労働契約法について

著者:【社会保険労務士】瀬戸 俊治

※こちらの情報は2020年2月時点のものです

就業形態が多様化し、個別労働関係紛争が増加してきたため、労働契約の基本的な理念及び労働契約に共通する原則や、判例法理に沿った労働契約の内容の決定及び変更に関する民事的なルール等を一つの体系としてまとめるべく、「労働契約法」が制定されました。今回は労働契約法から何点かピックアップしてご説明いたします。

労働契約法には罰則なし

皆さんがよくご存知の労働基準法は、罰則をもって担保する労働条件の基準(最低労働基準)を設定しているものですが、労働契約法は労働契約に関する民事的なルールを明らかにしているものであり、罰則の設定はありません。
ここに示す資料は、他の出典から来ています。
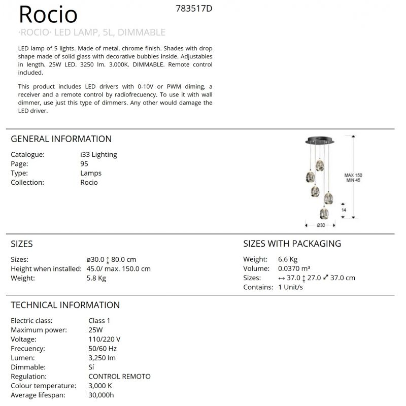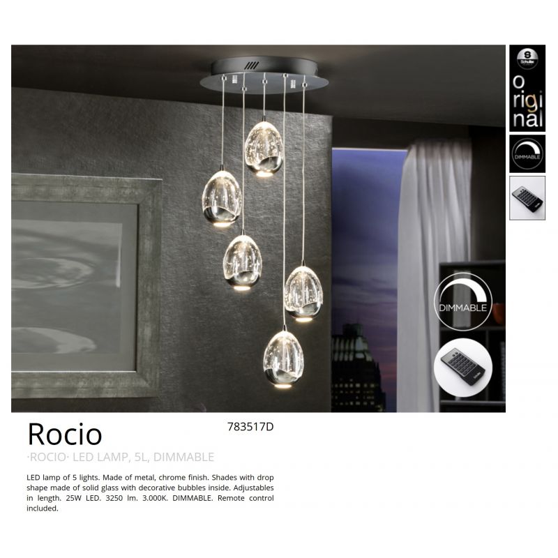Corpurile de iluminat cu LED din colectia ROCIO sunt elemente pentru iluminat care leaga mobilierul si decoratiunile interioare impreuna si confera caracter incaperii in care aceastea sunt montate. Confectionate dinmetal finisaj cromat sau auriu, sticla solida in forma de picatura cu bule decorative in interior, aceste corpuri de iluminat asigura lumina de accent, fiind o solutie optima pentru iluminatul interior decorativ.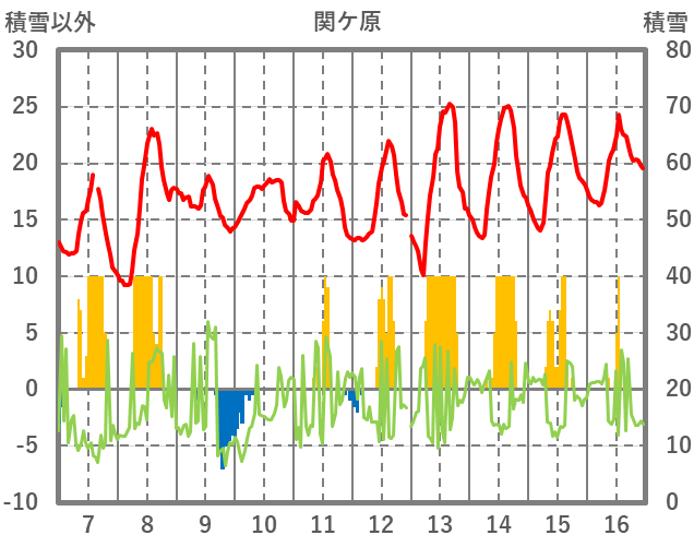 | 日 | 時 | 気温 | 降水 | 風向/風速 | 日照 | 積雪 | 降雪 |

そのため労働基準監督官による監督指導も行われません。ただ判例の蓄積である判例法理が立法化され、労働契約に関する民事的なルールが明らかとなっておりますので、守らなければ個別労働紛争が発生する可能性があります。

就業規則による労働契約内容の変更

第9条及び第10条では一部の場合を除き就業規則の変更をすることで労働契約の内容を労働者の不利益になるように変更することはできません。使用者が就業規則の変更により労働条件を変更する場合には、変更後の就業規則を労働者に周知させ、かつ就業規則の変更が労働者の受ける不利益の程度、労働条件の変更の必要性、変更後の就業規則の内容の相当性などが就業規則の変更に係る事情に照らして合理的である必要があるとされています。

下記のような判例が参考になります。

フジ興産事件

就業規則が拘束力を生ずるためには、変更の適用を受ける労働者への周知が必要であるとして、懲戒解雇の効力を争った事件

解雇について

第16条では、解雇は客観的に合理的な理由を欠き、社会通念上相当であると認められない場合は、その権利を濫用したものとして、無効とするとされています。労働基準法では解雇について労災被災者や育児休業取得者等に対する制限や手続方法の記載があるのみです。整理解雇の場合には判例により合理的な理由や社会通念上相当であるかどうかについては下記の4要件から判断されます。

  1. 人員削減をする経営上の必要性
  2. 解雇回避の努力
  3. 人選の合理性
  4. 解雇手続きの妥当性

下記のような判例が参考になります。

日本食塩製造事件

解雇権の濫用について争われた事件

有期労働契約の更新

第19条では最高裁判所判決で確立している雇止めに関する判例法理(いわゆる雇止め法理)を規定し、一定の場合には雇止めを認めず、有期労働契約が締結又は更新されたものとみなすとしています。具体的には雇止めが解雇と同視できる場合や労働者が契約更新を期待する合理的な理由がある場合などです。

下記のような判例が参考になります。

日立メディコ事件

有期労働契約の雇い止めについて争われた事件

期間の定めがあることによる不合理な労働条件の禁止

第20条では有期契約労働者の労働条件と無期契約労働者の労働条件が相違する場合において、期間の定めがあることによる不合理な労働条件を禁止しております。平成30年6月1日に初めて同条に対する最高裁判所の判決が言い渡されました。最高裁は「賃金の総額を比較することのみによるのではなく、当該賃金項目の趣旨を個別に考慮すべき」との判断を示しました。定年退職後の有期契約労働者に対する労働条件の今後の基準になると思われます。

下記のような判例が参考になります。

ハマキョウレックス事件

有期労働者と無期労働者との間の不合理な労働条件の相違に ついて争われた事件

今回何点かピックアップしてご案内いたしましたが、一度労働契約法の内容をじっくりと確認頂き、個別労働紛争の防止にお役立て頂ければと思います。